You are in good hands that's for sure! We work with about a dozen different stove manufacturers, none are even slightly involved with customer satisfaction. Not to mention troubleshooting or warranty issues! Hands down, they are the taking the lead in these fields.


----------



## Highbeam (Dec 29, 2015)

kf6ha[ said:


> Out of the many thousands of these stoves that are sold only a very few have this "smoke smell" problem.



Well now that is an assumption. Perhaps many have this problem but the owners:

1) Don't care.
2) Don't know
3) Don't call BK
4) Don't post on forums.

The huge majority of owners simply buy the stove and use it every once in awhile.


----------



## webby3650 (Dec 29, 2015)

Highbeam said:


> Well now that is an assumption. Perhaps many have this problem but the owners:
> 
> 1) Don't care.
> 2) Don't know
> ...


I'd say it's some of all the above.
I'm familiar with the smell, but it only happens when I'm running really really low, or when I go from high to low quickly. If you have to smell the door of the stove to detect it then I consider it a non event...


----------



## Highbeam (Dec 29, 2015)

webby3650 said:


> I'm familiar with the smell, but it only happens when I'm running really really low, or when I go from high to low quickly. If you have to smell the door of the stove to detect it then I consider it a non event...



In part because of this thread I've taken to sniffing my door nightly. Sometimes a little smell on the latch side, more often on the hinge side, but never in the room unless I open the door with fuel still burning.


----------



## webby3650 (Dec 29, 2015)

Highbeam said:


> In part because of this thread I've taken to sniffing my door nightly. Sometimes a little smell on the latch side, more often on the hinge side, but never in the room unless I open the door with fuel still burning.


Same here


----------



## Dieselhead (Dec 29, 2015)

What size gasket does the Ashford use, is it the 7/8" high density?


----------



## HarvestMan (Dec 29, 2015)

Highbeam said:


> In part because of this thread I've taken to sniffing my door nightly. Sometimes a little smell on the latch side, more often on the hinge side, but never in the room unless I open the door with fuel still burning.

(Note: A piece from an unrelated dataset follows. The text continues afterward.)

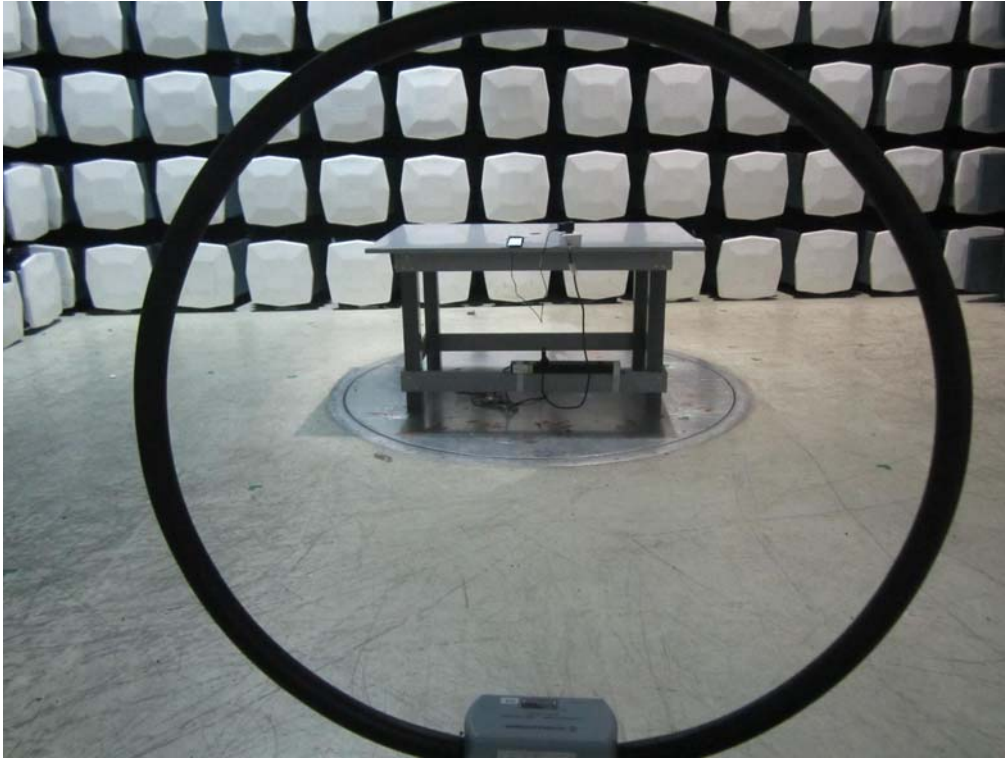
Conducted Emission (AC Mains)

A word of caution to anyone doing this.  In time, the line between reality and your imagination may be difficult to determine.  This is particularly true if the smoke smell is very faint.  If you find yourself having to smell the "leak area" several times in a day ... you may be entering the twilight zone .


----------



## kf6ha[ (Dec 30, 2015)

Blueguy:

How is your fix holding out? Any smoke smell at all? You might have hit upon the answer. Could you explain your procedure and the exact materials used please so that others can replicate your success?


----------



## blueguy (Dec 30, 2015)

kf6ha[ said:


> Blueguy:
> 
> How is your fix holding out? Any smoke smell at all? You might have hit upon the answer. Could you explain your procedure and the exact materials used please so that others can replicate your success?

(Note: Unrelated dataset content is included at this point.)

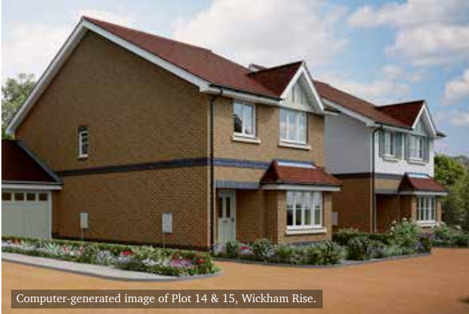
Computer-generated image of Plot 14 & 15, Wickham Rise.

It's holding out pretty well. Since redoing my door gasket and raising the first turn point of the connector pipe by 9" (to reduce smoke spillage), there has been no smoke smell to speak of. All I did was remove the original door gasket with the weirdo flat wrap at the joint and install a new OEM gasket with the joint in the lower corner per the manual. I installed the gasket using a continuous bead of Ultra Black paying extra attention to the area between the hinges to ensure the gasket wasn't bunched up or stretched out. IIRC, the original gasket was held in place by intermittent blobs of what looked like furnace cement - not a continuous bead.

I should also mention that when I had the door off to redo the gasket, I added an extra strip of glass gasket between the glass and the retainer on the hinge side (between the glass gasket and the retainer) to make sure the smell wasn't coming from the glass. I also checked the tightness of the nuts on all of the retainer studs before installing the new door gasket. Once the door was back on, I let the RTV dry completely before firing the stove back up. I also had to adjust the latch as the door didn't seal quite as well with the new gasket. The door sealing was also not affected by the height of the studs under the gasket.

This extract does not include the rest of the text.